In NUS High, I worked on a multi-year (2020 to 2022) project focused on analyzing IMU data (specifically accelerometer readings) to classify gait patterns based on whether they embodied a characteristic in Parkinson’s Disease patients known as Freezing of Gait (FoG).

This project initially started off within the Science Mentorship Programme (SMP) in 2020, where our team was grouped with Prof Arthur Tay from the NUS ECE Department. We were tasked with developing a system that could predict FoG in Parkinson’s Disease patients, specifically focused on adapting algorithms from Moore et al and Bachlin et al and using the DaphNET dataset.

Initially, we developed a simple system by using the Moore-Bächlin Algorithm for Freeze and Energy Indices as detailed in Moore et al to calculate a simple metric known as the Freeze Index. Unlike Moore et al, which decided to identify a baseline threshold value for the freeze indices, we attempted to train a Support Vector Machine (SVM) model to identify any patterns within the 3D space. We then attempted to deploy our best-performing SVM model onto a Arduino Nano 33 BLE Board to identify real-time freeze events based off the on-board accelerometers.

We submitted this project for several local and international research fairs, including the Singapore Science and Engineering Fair (SSEF) 2021 (where we attained a Gold Award) and the HCI International Science Youth Forum (ISYF) 2021 (where we received 2nd Place for Poster Presentation). Due to our success at SSEF, we were later selected among 4 teams to represent Singapore internationally at the Global Youth Science and Technology Bowl (GYSTB) 2021 in Hong Kong, though we were unable to attend the competition physically due to COVID-19 restrictions at the time. We clinched the Third Prize at that competition.

In tandem with all this, as part of the CS4131 Mobile Application Development module at NUS High, I embarked on a side quest to design a mobile application to interface with the sensor prototype we had created and store information on the web for easy tracking and emergency activation of medical resources in case of any injury. I designed an Android application in Kotlin to interface with the sensor via Bluetooth, and relied on Firebase Cloud Firestore to store major logs and authentication. We continued to develop this prototype application past the module too.

We submitted a preliminary draft of our work to the Seventh IRC Conference on Science, Engineering and Technology (IRC-SET) 2021, presenting our work on the trained Support Vector Machine, our Arduino prototype as well as the new Android application. We clinched the Best Presenters’ Award at the conference, and our paper was published in Springer Nature as a chapter in the proceedings of the conference.

Around a year later, we restarted the project to explore more avenues of exploration. We had simply scratched the surface in terms of research development, and we wished to explore if there were better approaches to classifying the signal besides what was attained by the Moore-Bächlin Algorithm. We tested Google Cloud’s AutoML service to identify if it could handle the data collected, but it was relatively unsuccessful. We also tested many traditional ML algorithms using cuml to attempt to extract any key insights from the freeze indices.

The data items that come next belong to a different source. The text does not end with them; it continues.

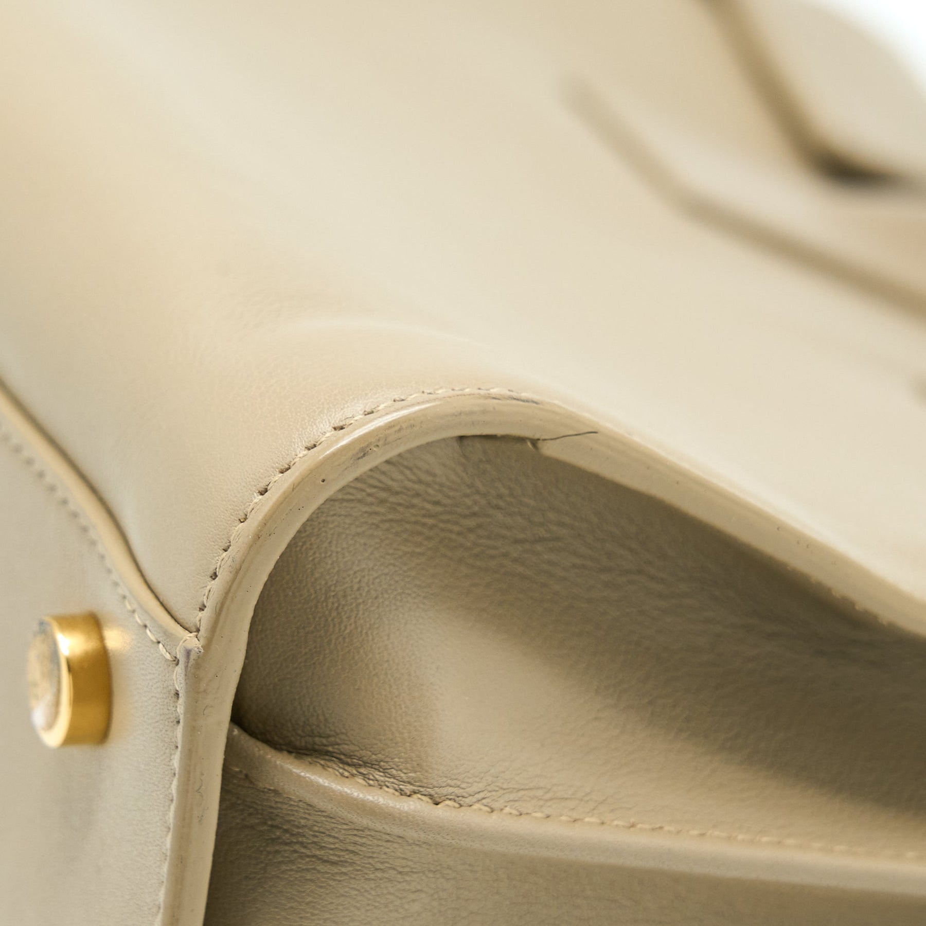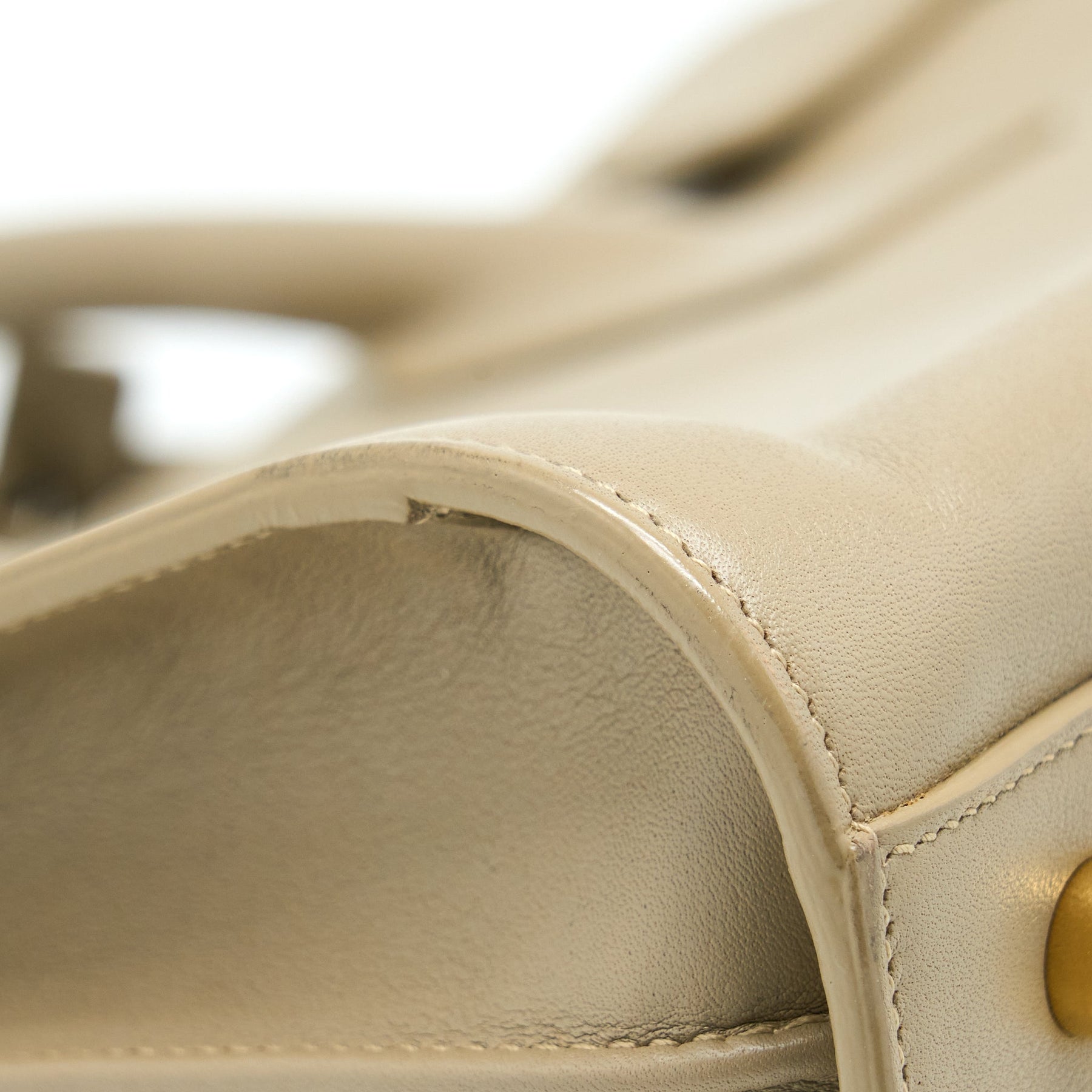 Well New (This item is in very New condition with slight scratches on leather and hardware, one tiny mark on backside leather, slight sign of use inside.)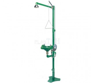Varnostni tuš s tušem za oči in umivalnikom iz polipropilena, z nožnim aktiviranjem. Izdelek je sestavljen iz varnostnega tuša in tuša za oči. Varnostni tuš je sestavljen iz pocinkane jeklene podlage in razpršilne glave iz kromirane medenine. Razpršilna glava ima na vrhu pretočni ventil iz pocinkanega jekla z ročajem za aktivacijo. Samodejni pretok tuša je 120 l/min pri 1 bar. Izpiranje oči v...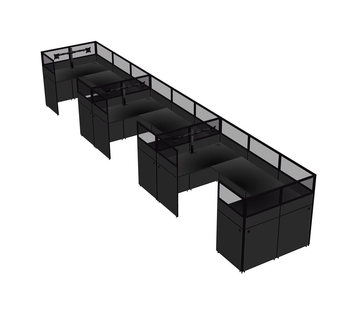 Système De Panneau En U Noir Pour 3 Personnes + Bras De Moniteur (bras Doubles) Pour 3 Utilisateur(s)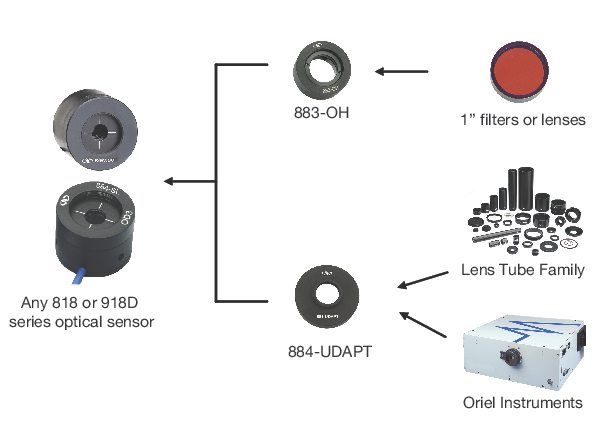 884-UDAPT is a universal adapter to make Newport's 818 and 918D series photodiode sensors compatible with the Oriel 1.5 inch Series flanges and Newport's 1 inch Lens Tube family.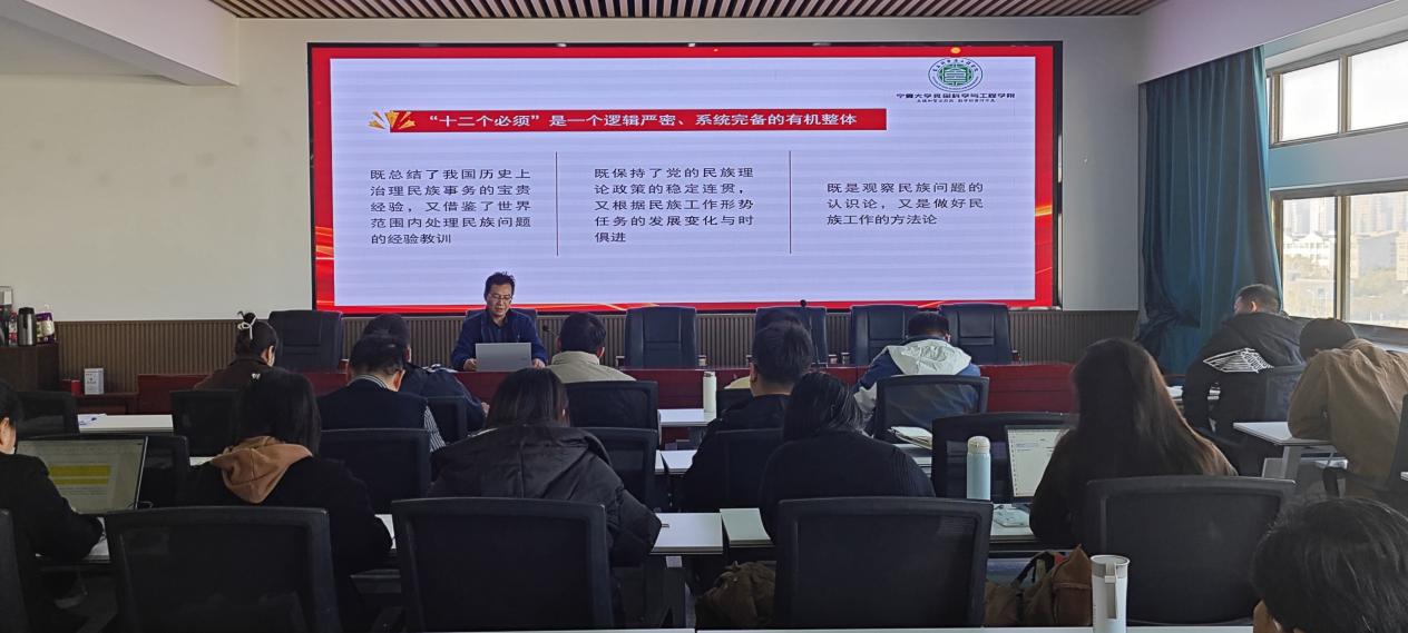 通过深入学习习近平总书记对中国特色解决民族问题的正确道路作出的“八个坚持”的精辟概括,对新中国成立70年民族工作宝贵经验进行的“九个坚持”的深刻总结,以及党关于加强和改进民族工作“十二个必须”的重要思想,广大教职工进一步加深了对民族宗教政策理论内涵与要点的理解和把握,确保在思想和行动上与党中央保持高度统一,为营造广大师生和谐共处、协同发展的教育环境和学院各项事业高质量发展奠定了坚实的理论基础。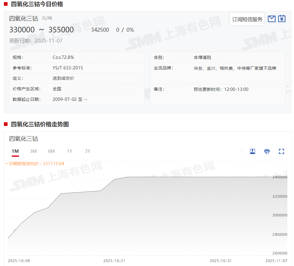 据SMM现货报价显示,本周四氧化三钴也呈现高位维稳的态势,截至11月7日,四氧化三钴现货报价持稳于33~35.5万元/吨,均价报34.25万元/吨,较10月31日持稳运行。

After all this, we decided to try to map the overall accelerometer data into a 16x16 image, and try using a very small convolutional neural network (CNN) model to attempt to mimic the behaviour of the freeze index calculation, but without aggregation. It was able to classify all our data by a landslide, showing how effective a CNN would be in this sort of signal processing task. We attempted to deploy this CNN algorithm within the mobile application too.

We finally submitted this work (which has not yet been published) to the SSEF 2023, where we once again attained the Gold Award, as well as the SUTD Research and Innovation Award in Healthcare. We were also selected to present this work at the International Student Science Fair (ISSF) 2023 in Brisbane, and we attained 1st Place within the Computing & Mathematics category.

This work has been truly instrumental in building up my interest in research, and especially in doing research in fields at the intersection point between technology and healthcare, which I would take with me moving forward. I am truly indebted to my two teammates, who have been very supportive in the development of this project.